本发明涉及半导体技术领域,尤其涉及一种堆叠式环栅纳米片CMOS器件结构及其制造方法。
集成电路特征尺寸持续微缩,传统三栅或双栅的FinFET(Fin Field-Effect Transistor,鳍式场效应晶体管)在5nm以下节点受到限制,与主流后高K金属栅(High-K&Metal Gate,HKMG)FinFET工艺兼容的GAA(Gate-All-Around,环栅)纳米片晶体管将是实现尺寸微缩的下一代关键结构,其沟道结构包括纳米线(Nano-Wire,NW)与纳米片(Nano-Sheet,NS)两种选择。
新的结构是在后栅HKMG FinFET工艺中,在后栅中选择性形成堆叠纳米线或者纳米片结构(源漏仍为Fin),然后形成GAA器件。

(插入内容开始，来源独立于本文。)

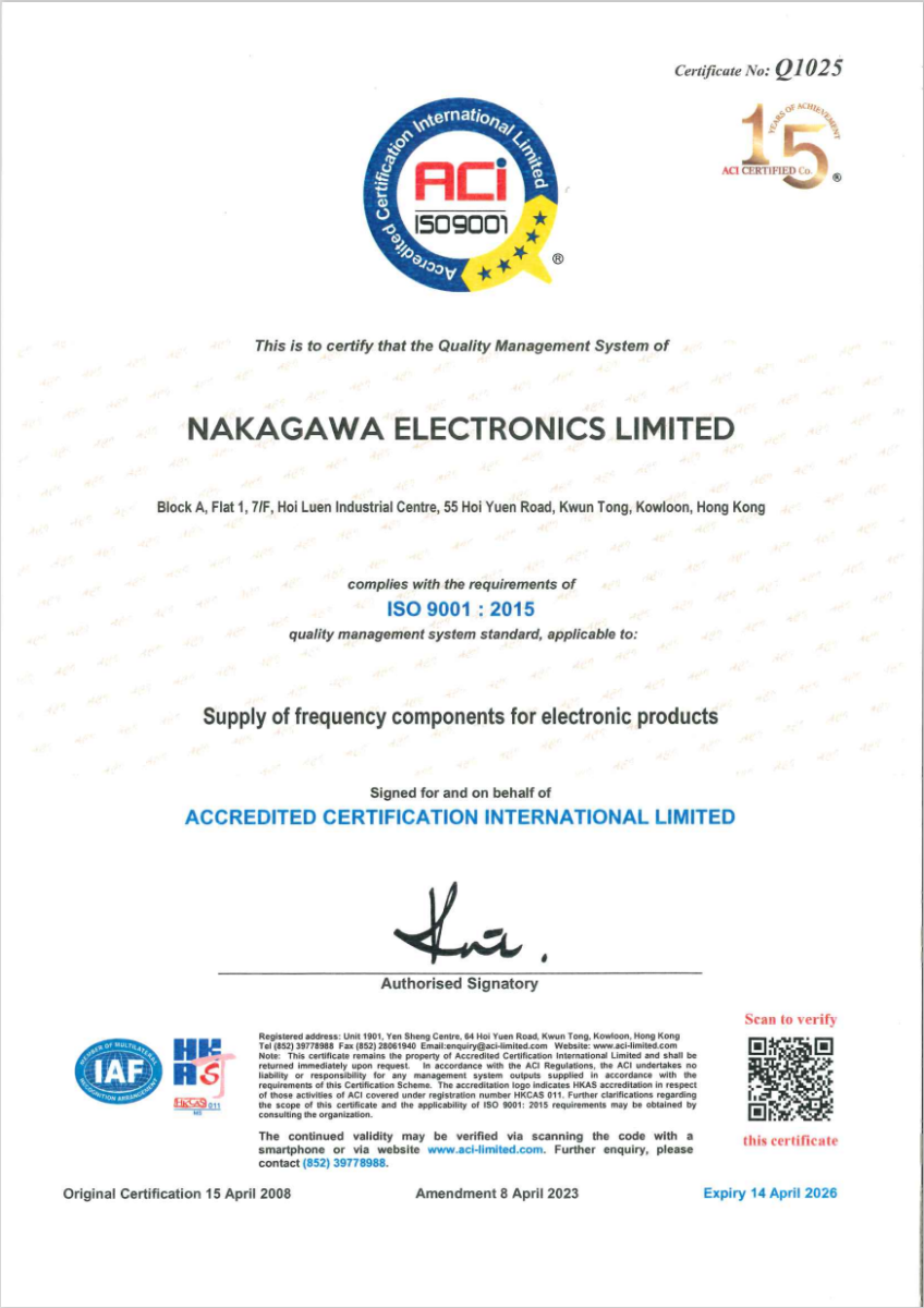 NAKAGAWA ELECTRONICS LIMITED (NKG晶振)致力于提供高質(zhì)量的產(chǎn)品,并因此維護(hù)質(zhì)量和管理體系,以確保能夠保證這一點(diǎn)。不僅對我們的客戶,而且對我們自己的員工和社區(qū),我們以最高的法律和道德標(biāo)準(zhǔn)協(xié)調(diào)我們的所有活動(dòng),履行社會(huì)責(zé)任。我們公司的運(yùn)作是參照相關(guān)的企業(yè)管治準(zhǔn)則和包括EICC行為準(zhǔn)則在內(nèi)的國際標(biāo)準(zhǔn)來制定和更新的。中川電子有限公司(NKG)香港總部以ISO 9001為基礎(chǔ)運(yùn)作生產(chǎn)石英晶體諧振器,并定期接受審核。您可以在這里查看證書。我們的生產(chǎn)基地除了擁有兩個(gè)體系資質(zhì)外,還擁有更先進(jìn)的設(shè)置,涵蓋了TS 16949和全面的健康和安全程序(基于OHSAS要求)。除了強(qiáng)制性的內(nèi)部XRF測試(基于QC080000模型)外,工廠還運(yùn)行了一個(gè)擴(kuò)展系統(tǒng),以確保我們的產(chǎn)品符合環(huán)境要求。

目前,现有的基于GeSi/Si叠层的Stacking NS FET集成工艺中,NMOS和PMOS都采用Si(100)晶面的<100>晶向作为器件沟道,对于NMOS来说,会带来空穴迁移率和器件性能的提升,而对于PMOS来说,则会带来空穴迁移率和器件性能的轻微下降,由此导致NMOS与PMOS的性能不匹配,从而对CMOS器件和电路设计带来严重的影响。
发明内容
本发明提供的堆叠式环栅纳米片CMOS器件结构及其制造方法,能够解决单一沟道CMOS因Si沟道PMOS空穴迁移率低而导致的NMOS与PMOS性能不匹配的问题。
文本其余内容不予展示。